Este militante del ultraderechista Grupo Unión Defensa (GUD) se formó en la escuela de la Marina francesa en Brest. Como miembro de las fuerzas especiales, participó en operaciones en Malí y Yibuti entre 2013 y 2015.

En julio de 2015, los médicos militares recomendaron su repatriación a Francia a raíz de un estado de estrés postraumático grave. Finalmente, terminó siendo expulsado por motivos disciplinarios, indicó la Marina francesa.

Loïk Le Priol, acusado de la muerte de Federico Aramburu.

Loïk Le Priol ya fue condenado a los 19 años por violencia y a los 23 años se lo sentenció a cuatro meses de prisión con suspensión de pena por violencia deliberada en grupo y conducción bajo los efectos del alcohol, según la revista Marianne.

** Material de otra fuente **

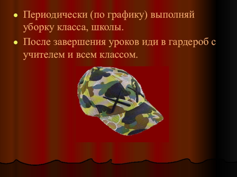 Слайд 8Периодически (по графику) выполняй уборку класса, школы.

Actualmente está acusado, junto a cuatro antiguos miembros del GUD, de “violencia agravada” en 2015 contra un expresidente del grupúsculo de extrema derecha, nacido como sindicato de estudiantes en 1968 para luchar contra el izquierdismo en la universidad.

En octubre de 2015, Le Priol, el otro sospechoso de matar a Aramburu, Romain Bouvier, y otros tres miembros del GUD golpearon y humillaron violentamente al exdirigente del sindicato, obligándolo a golpes a desnudarse.

Son ellos dos los detenidos por el crimen y una mujer, que era quien manejaba el auto en el que viajaban los sospechosos de perpetrar la tragedia.